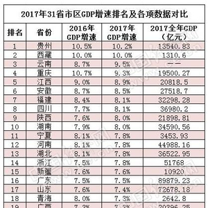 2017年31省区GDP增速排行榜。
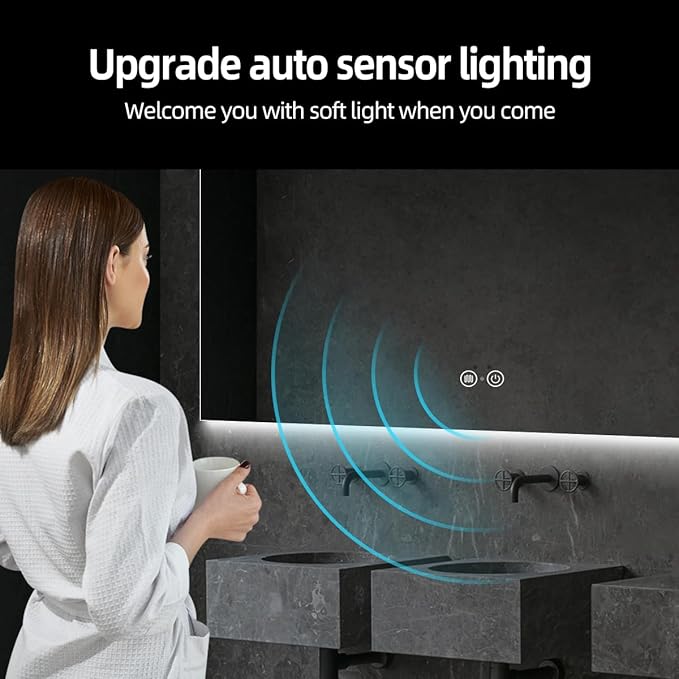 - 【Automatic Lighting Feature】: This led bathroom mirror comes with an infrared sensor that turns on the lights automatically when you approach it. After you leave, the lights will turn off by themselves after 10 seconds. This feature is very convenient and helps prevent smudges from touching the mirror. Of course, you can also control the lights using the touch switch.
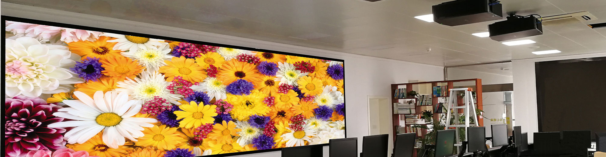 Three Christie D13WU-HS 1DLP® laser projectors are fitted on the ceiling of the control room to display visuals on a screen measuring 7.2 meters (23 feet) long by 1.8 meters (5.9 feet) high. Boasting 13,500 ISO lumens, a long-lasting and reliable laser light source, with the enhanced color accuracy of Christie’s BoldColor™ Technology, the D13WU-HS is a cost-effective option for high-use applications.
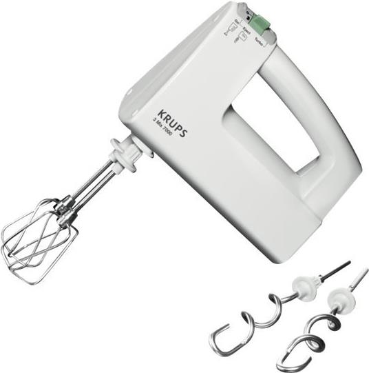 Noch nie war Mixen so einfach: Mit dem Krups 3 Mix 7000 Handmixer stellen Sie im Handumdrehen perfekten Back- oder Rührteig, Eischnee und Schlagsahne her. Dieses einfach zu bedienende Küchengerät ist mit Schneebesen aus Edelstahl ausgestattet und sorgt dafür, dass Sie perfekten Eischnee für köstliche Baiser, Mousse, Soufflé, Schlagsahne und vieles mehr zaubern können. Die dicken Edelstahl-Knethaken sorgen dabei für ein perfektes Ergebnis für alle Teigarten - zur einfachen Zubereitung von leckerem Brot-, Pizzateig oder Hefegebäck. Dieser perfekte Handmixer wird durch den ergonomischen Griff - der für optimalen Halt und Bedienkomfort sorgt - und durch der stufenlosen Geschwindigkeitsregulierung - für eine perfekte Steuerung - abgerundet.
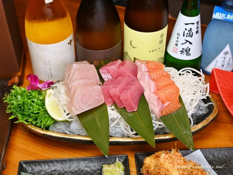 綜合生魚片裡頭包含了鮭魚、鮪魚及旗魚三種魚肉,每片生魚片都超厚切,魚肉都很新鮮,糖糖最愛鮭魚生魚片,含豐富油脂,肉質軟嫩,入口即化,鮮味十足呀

========

Task goal
Give again, exactly, the lines from the start of the data through the one holding "- 【Automatic Lighting"; omit the pictures.

Task response
 2017年31省区GDP增速排行榜。
 - 【Automatic Lighting Feature】: This led bathroom mirror comes with an infrared sensor that turns on the lights automatically when you approach it. After you leave, the lights will turn off by themselves after 10 seconds. This feature is very convenient and helps prevent smudges from touching the mirror. Of course, you can also control the lights using the touch switch.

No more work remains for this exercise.